*YOUR ASSIGNMENT:* Return only the lines of the listing below that run from the line with "Embellishment: A prominent, oversized" through the line with "タイヤ購入者にプレゼント企画中!", both ends included, exactly as written.

*GIVEN RECORDS:*
□ □ □ □ □ □ □

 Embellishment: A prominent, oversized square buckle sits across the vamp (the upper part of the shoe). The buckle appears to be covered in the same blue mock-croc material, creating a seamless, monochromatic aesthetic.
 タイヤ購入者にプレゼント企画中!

□ □ □ □ □ □ □

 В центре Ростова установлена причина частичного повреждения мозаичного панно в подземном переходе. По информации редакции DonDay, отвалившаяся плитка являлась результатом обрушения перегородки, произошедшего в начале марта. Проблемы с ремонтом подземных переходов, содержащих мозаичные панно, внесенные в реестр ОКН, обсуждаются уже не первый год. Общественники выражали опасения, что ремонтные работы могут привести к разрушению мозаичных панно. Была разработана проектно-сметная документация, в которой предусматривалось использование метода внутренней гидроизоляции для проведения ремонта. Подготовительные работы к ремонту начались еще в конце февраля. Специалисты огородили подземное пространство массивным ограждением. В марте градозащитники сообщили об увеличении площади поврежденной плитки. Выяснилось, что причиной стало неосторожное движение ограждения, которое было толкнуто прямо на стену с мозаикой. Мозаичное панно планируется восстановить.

□ □ □ □ □ □ □

*SOLUTION FOR THIS TASK:*
 Embellishment: A prominent, oversized square buckle sits across the vamp (the upper part of the shoe). The buckle appears to be covered in the same blue mock-croc material, creating a seamless, monochromatic aesthetic.
 タイヤ購入者にプレゼント企画中!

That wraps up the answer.